Molten chocolate is another complex fluid. Chocolate is a mixture of cocoa solids, sugar crystals, and fats. At the temperatures found in a running chocolate fountain (around 40° C), the fats have melted but the cocoa solids and the sugar are still in their solid form, giving us a suspension of two different kinds of solid particles. The shape of the sugar particles depends on whether or not the chocolate has been tempered during manufacture, by raising it to a very high temperature and then quickly cooling it. Add to that complexity the strange fact that the behaviour of the cocoa butter depends on the year of harvest, and we have rather an unpredictable nonNewtonian fluid on our hands.

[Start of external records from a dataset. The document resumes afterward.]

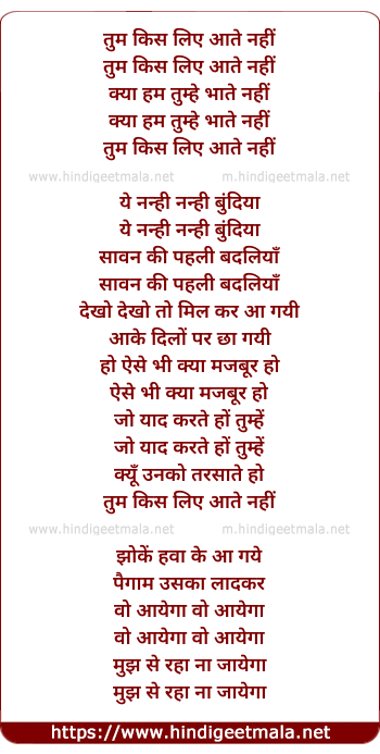 Lyrics of Tum Kis Liye Aate Nahi - तुम किस लिए आते नहीं
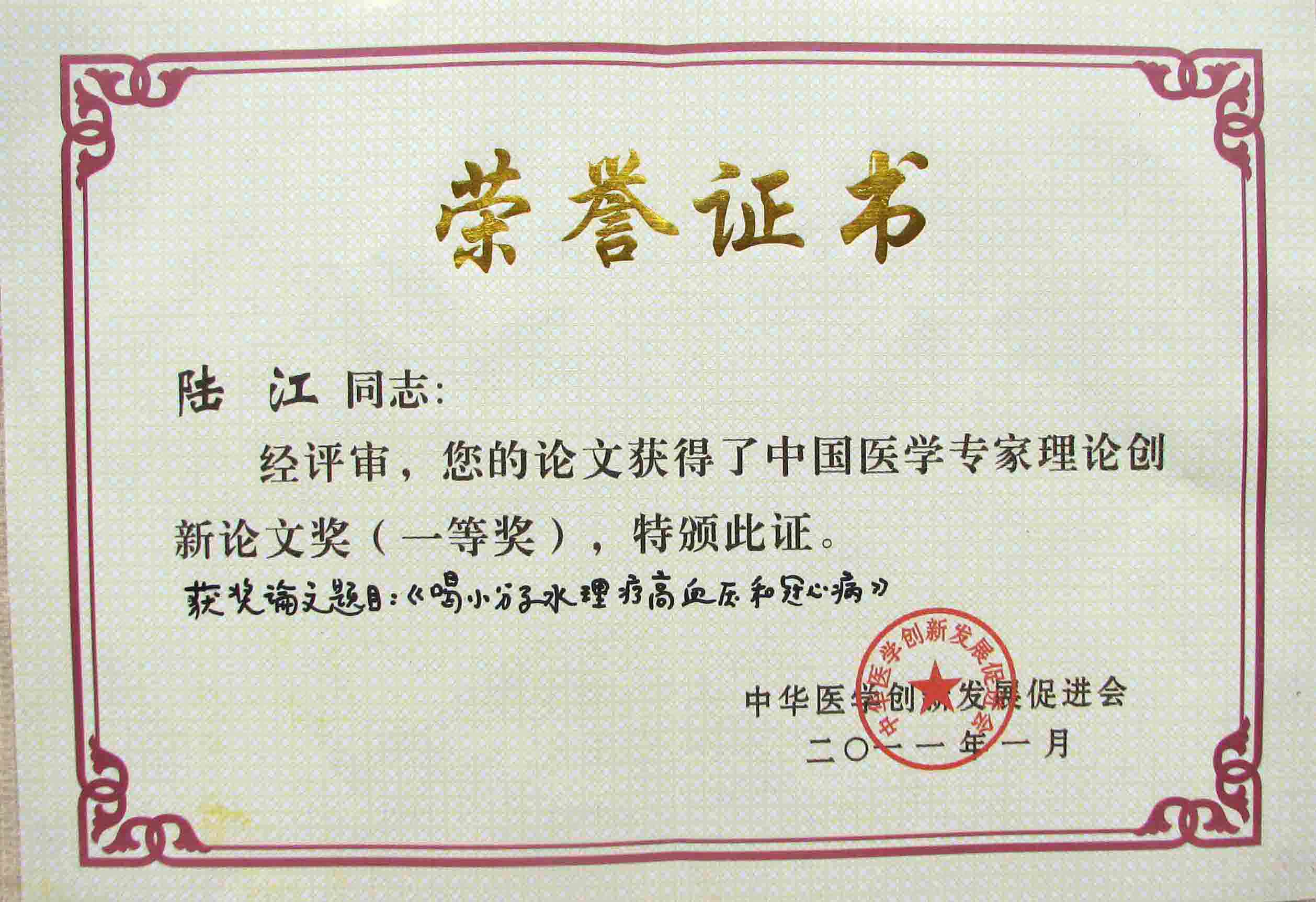 《飲用小分子水治療高血脂》獲優秀論文獎
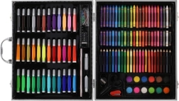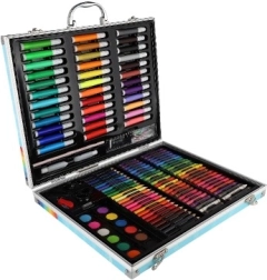 150 Stück verschiedene künstlerische Utensilien, einschließlich Marker, Buntstifte und Farben, die sorgfältig organisiert sind, um einfachen Zugriff für kreatives Schaffen zu ermöglichen.
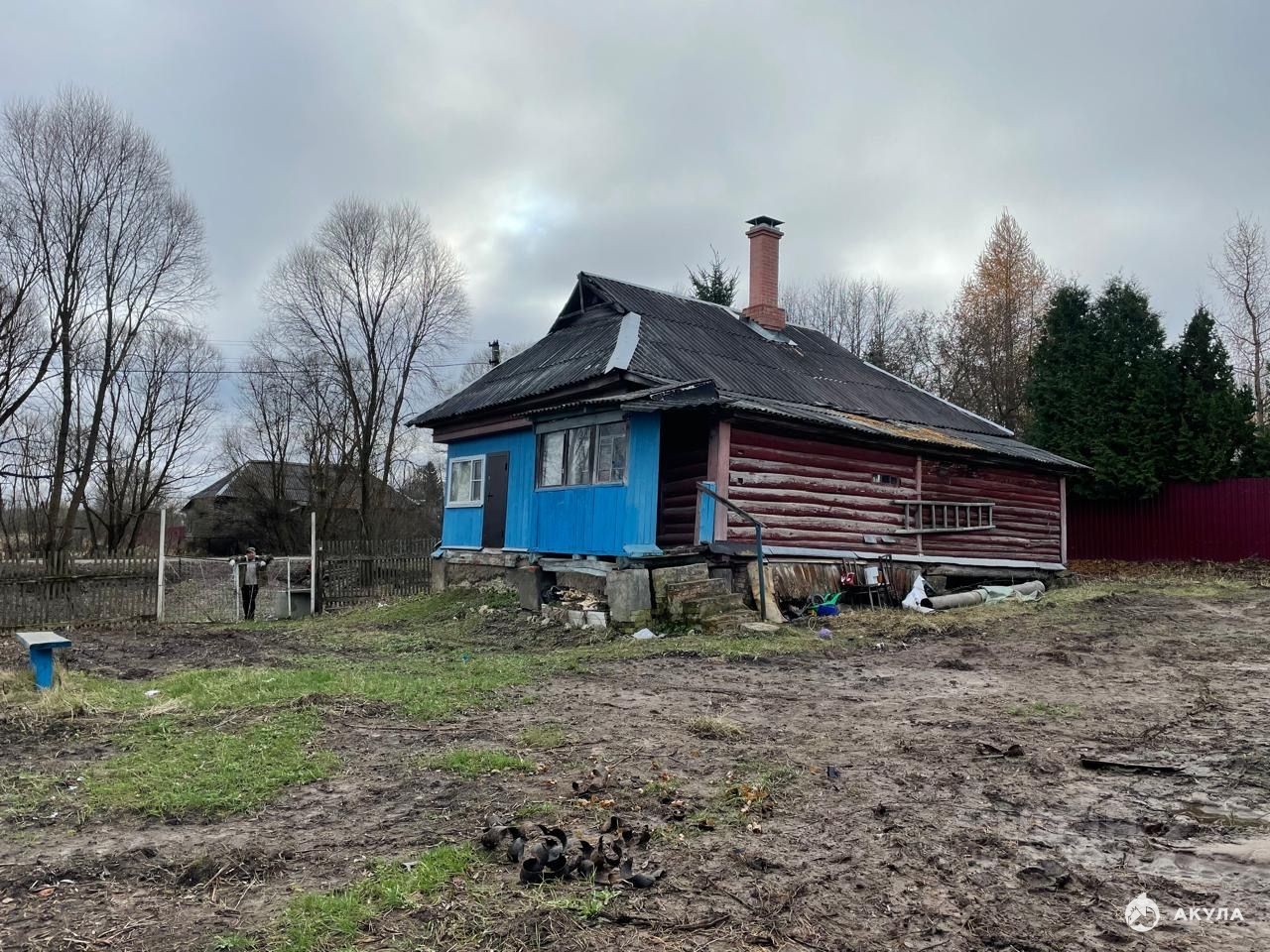 Дом 57 кв.м. (фундамент и сруб в нормальном состоянии, пристройка требует демонтажа), печь.
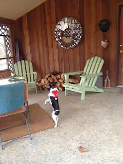Daisy dancing around on his porch when we first arrived.  She loves Bernd.
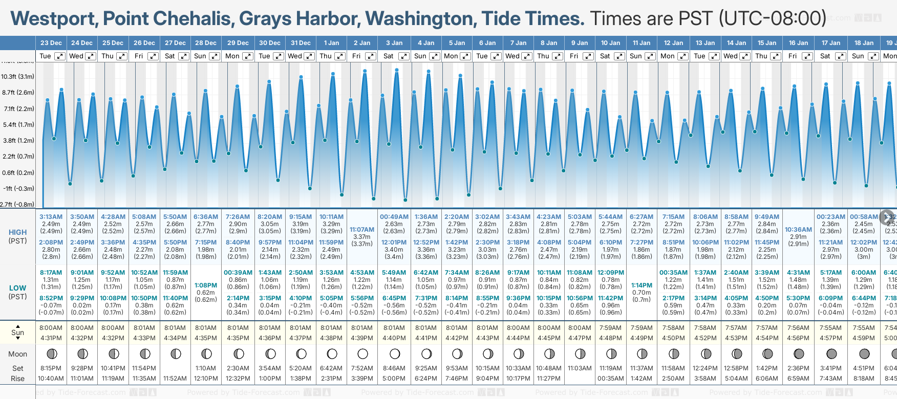 Westport, Point Chehalis, Grays Harbor tide times for December and January
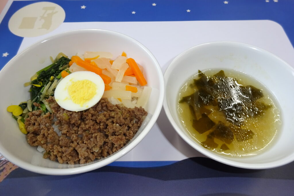 今日は十五夜さん。わんぱくはうすではお月様のお話をした後、恒例の「かづの牛のお月見ビビンバ」と春雨スープを食べました。
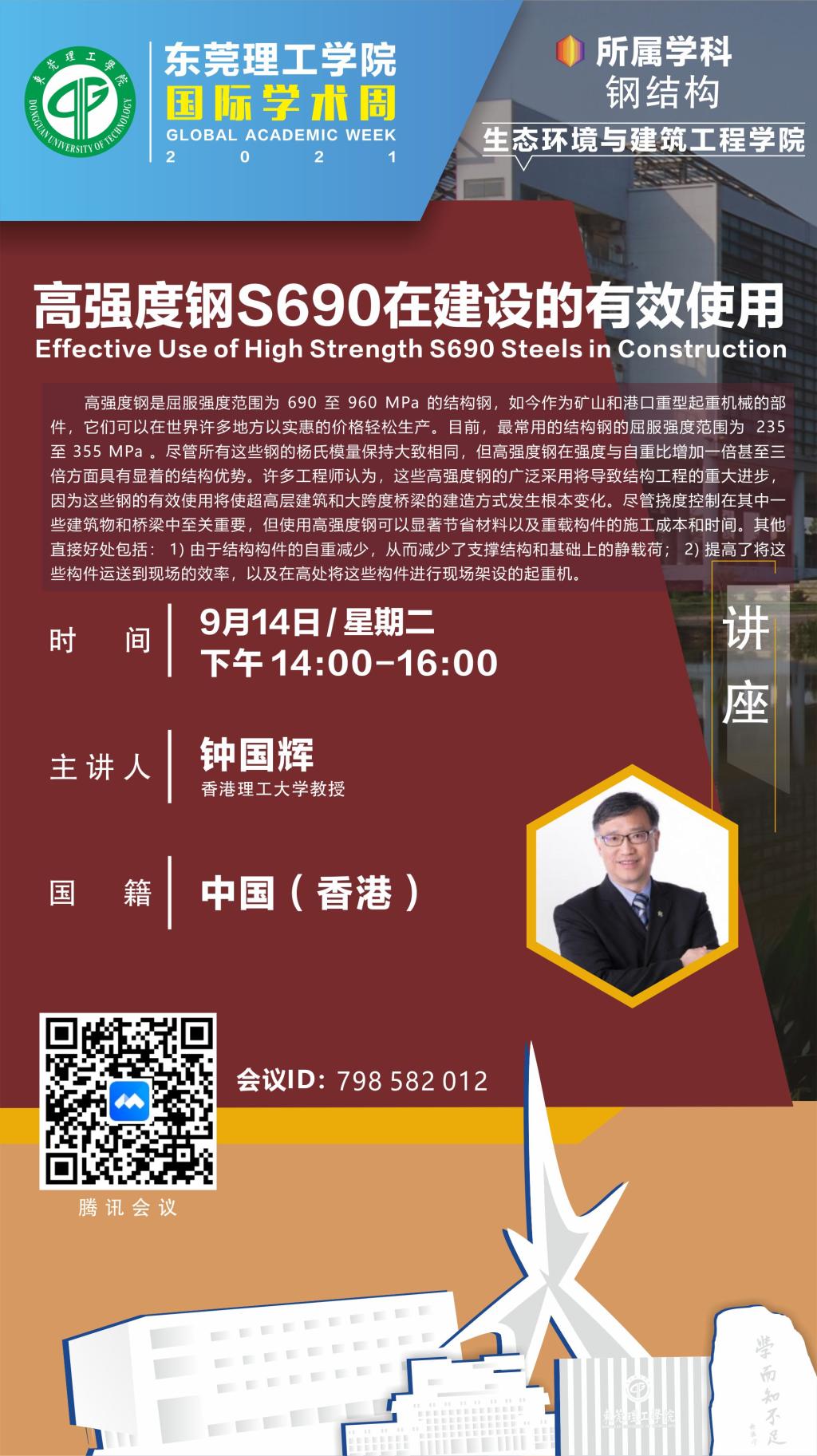 2021年伟德国际唯一官网入口国际学术周(Global Academic Week)在9月开学一周后正式启动。公司分别邀请了英国伦敦大学公司白云教授、日本早稻田大学Suguru Noda (野田優教授)、香港理工大学钟国辉教授开设了3场线上讲座,英国普利茅斯大学Long-yuan Li教授开设了1门全英课程。
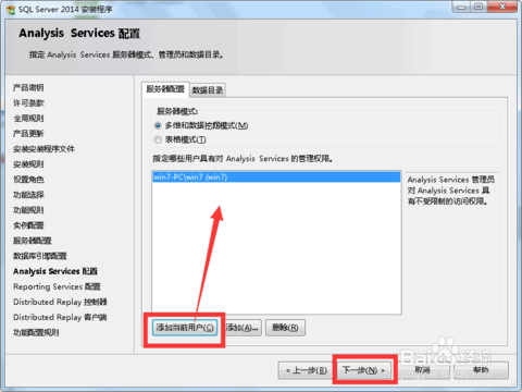 12.Analysis Services配置:這個是數(shù)據(jù)庫分析功能,添加個管理員進(jìn)來,然后"下一步":
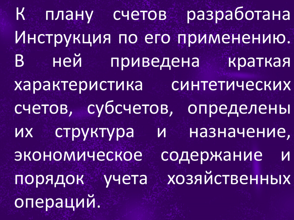 План счетов бухгалтерского учета - систематизированный перечень счетов бухгалтерского учета. Обычно в Плане счетов перечисляются счета синтетического учета и субсчета, а также дается перечень забалансовых счетов.
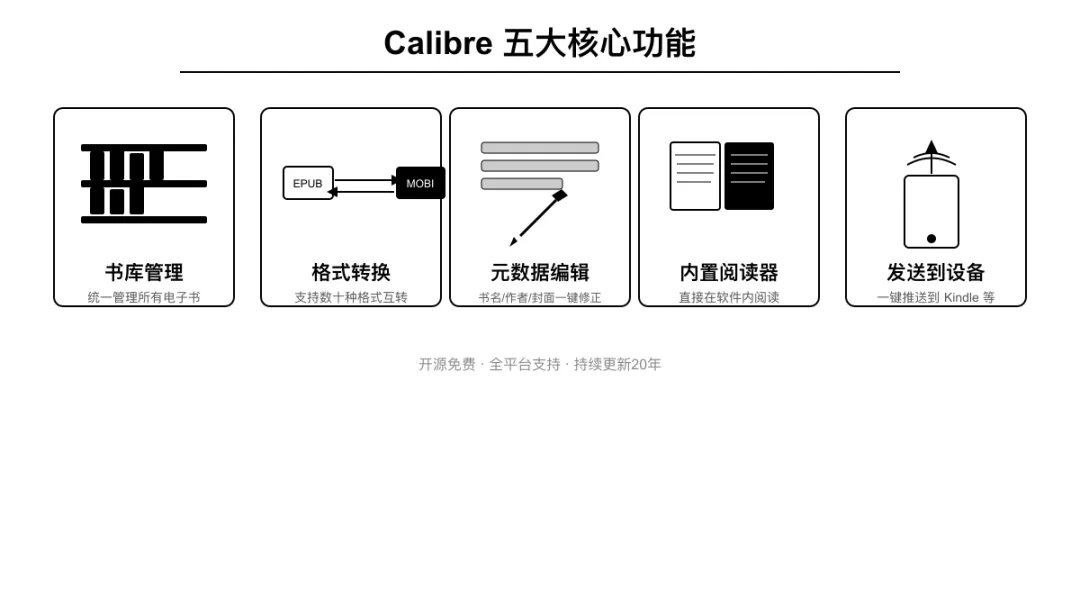 Calibre 五大核心功能Calibre 是一个开源电子书管理软件,Windows / macOS / Linux 全平台支持,完全免费。

Faced with modelling a fluid this complex, it’s often best to take an engineering approach and simply measure the behaviour of the fluid in a simple flow, rather than trying to predict it. The property we usually try to measure is the fluids viscosity or thickness. For a Newtonian fluid at a controlled temperature and pressure, this is a single numberhere are a few of them:

Fluid  – Viscosity (Pa s)

Water – 10^{-3}

Olive oil – 10^{-1}

Glycerol – 10^0

Liquid honey – 10^1

Golden syrup – 10^2

Glass – 10^{30}

Viscosities of a range of Newtonian fluids, at a pressure of 1 atmosphere and room temperature, 20.2° C. The SI unit of viscosity is the Pascal second; 1 \mathrm{~Pa} \mathrm{~s}=1 \mathrm{~kg} \mathrm{~m}^{-1} \mathrm{~s}^{-1}. Taken from [3].

The viscosity is an essential property of the fluid because it determines how fast energy is dissipated, during flow, by the friction within the fluid. This dissipation balances against the rate at which energy is supplied (by gravity, say, or some forcing like a propeller) to determine how fast the fluid will flow.

The standard way to measure the viscosity of a fluid is to apply a very simple flow called shear flow, which is created by sliding one plate over another with the fluid confined between them:

We can measure the force F required to drive the top plate at a given speed U. For a Newtonian fluid, we always find that the force is proportional to the velocity, F=\alpha U, and if we name the area of the plates as A and the shear rate \dot{\gamma}=U / H , we can extract the fluids viscosity:

\eta=\frac{\alpha}{A}=\frac{F}{A \dot{\gamma} H}.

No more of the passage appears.